The total time for one pair of ballet slippers was 3 hours.

Today I made one pair of ballet slippers.

Cost:

$0.25 per pair (for materials).  I already had all of the supplies on hand, so nothing out of pocket for myself this year. These take just a tiny amount of fabric, especially in children's sizes.  I bought the pattern last year and used it last year, so I did not have that expense this year, but that would be an additional expense if you are just buying the pattern. I bought all of the sizes for a slight discount, which means I have all of the sizes from baby to adult. Since this is a pdf pattern, I can just print the pattern in the size that I need this year.

I bought the fleece on a huge sale at Joann's last year on Black Friday, and I bought the satin (just a 1/4yard, and I've used it many times for small projects) many years ago on sale. The ultrasuede was some that my grandmother bought years ago.

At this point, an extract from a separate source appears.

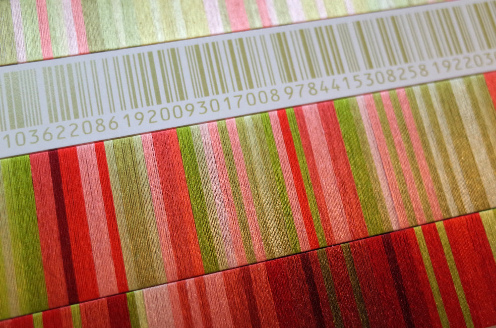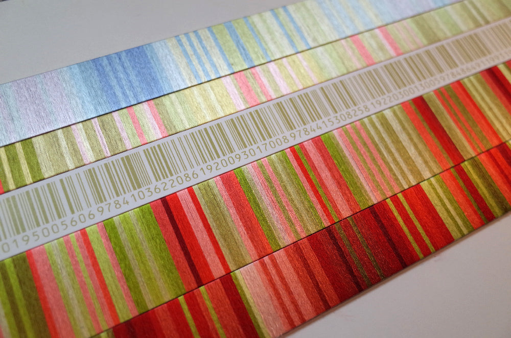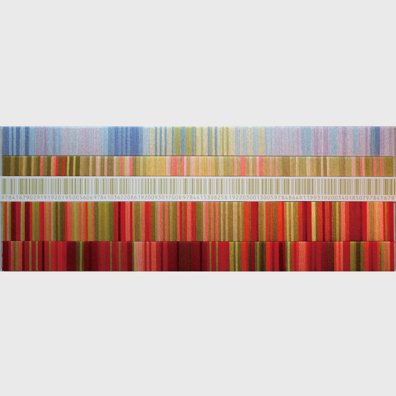 Bar code part represents something artificial and men themselves, multi colour stripe parts represent the world around us.
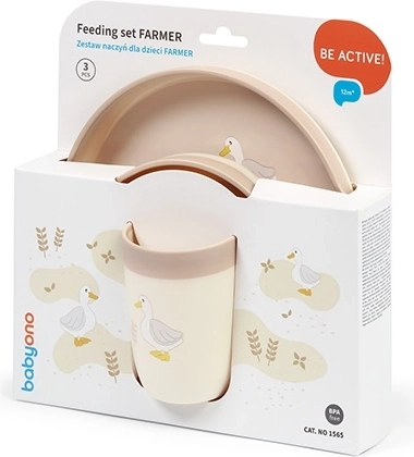 Zestaw obiadowy Babyono Farmer został zaprojektowany z myślą o pierwszych krokach w samodzielnym jedzeniu. Lekki, a jednocześnie wytrzymały plastik PP sprawdza się w codziennym użytkowaniu, a antypoślizgowe dna talerza, miski i kubeczka zwiększają stabilność i zmniejszają ryzyko przewrócenia. Zaokrąglone krawędzie są przyjazne dla wrażliwych dziecięcych warg i dziąseł.

A note about sewing with satin--it literally unravels right before your eyes. I recommend zig zag stitching the edges of any satin pieces that you use. You can also choose to use another fabric that is less frustrating; it will cut the time down considerably.

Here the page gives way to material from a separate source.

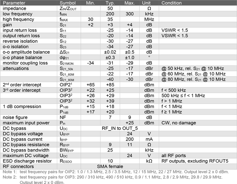 此模組採用低雜訊且高動態的放大器設計,使輸入訊號可在八個輸出埠上以等級無損耗方式輸出,所有射頻埠均使用 SMA 母頭連接器,設置於模組後方。
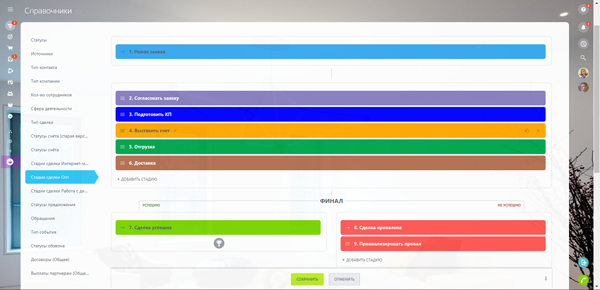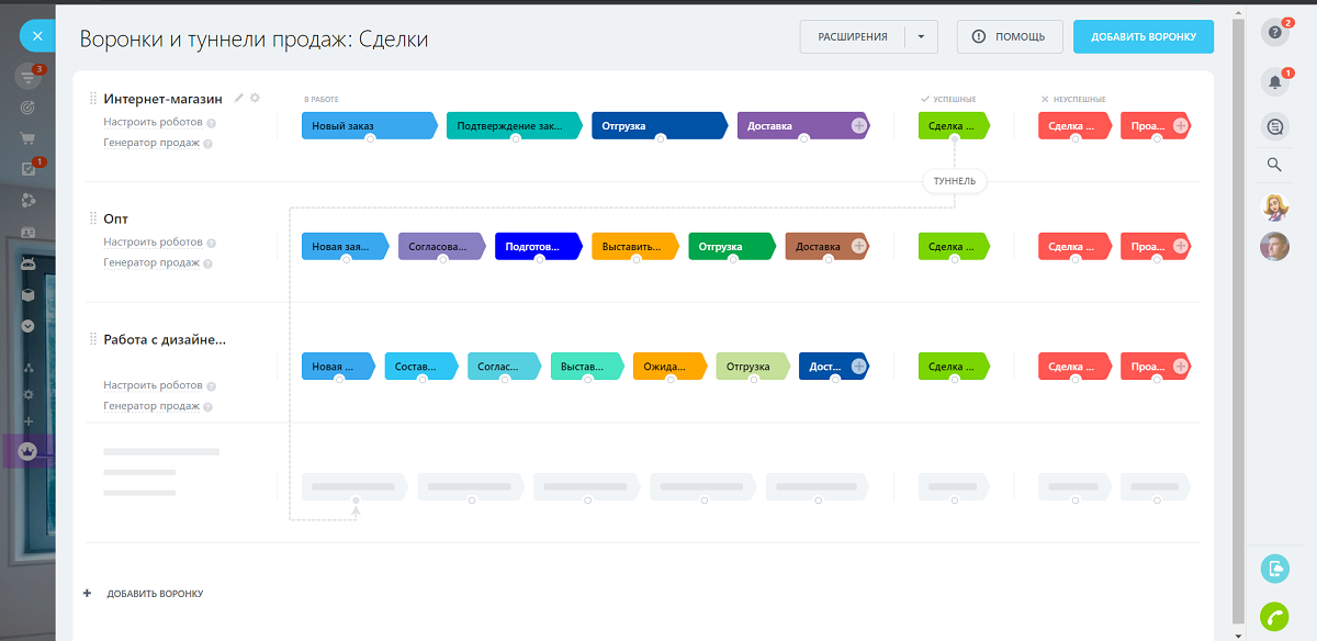 Вторая воронка сделок "Опт" для работы с оптовыми заказами

I did some changing of the way the elastic was sewn, as I chose to modify the way the elastic goes in this particular pair. This added in a little time for figuring out how to change it.

Elsa loves to "do ballet" with a little chair and this dvd. All of my children (even my boys) loved this video.

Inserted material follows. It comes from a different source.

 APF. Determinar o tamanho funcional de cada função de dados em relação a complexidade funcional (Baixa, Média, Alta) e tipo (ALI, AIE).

These take so little fabric that you could make them by repurposing other clothing. An old t-shirt or sweatshirt could be your lining. The tops could be made with a piece from a shirt or skirt. The amounts for a 2-year-old are so small that you could use scraps leftover from sewing other projects. If you make these as called for in the pattern, you will need 2 butttons. Old buttons that you have saved are just perfect for this project. When I made these last year (I made 4 pairs) all of the buttons were repurposed buttons.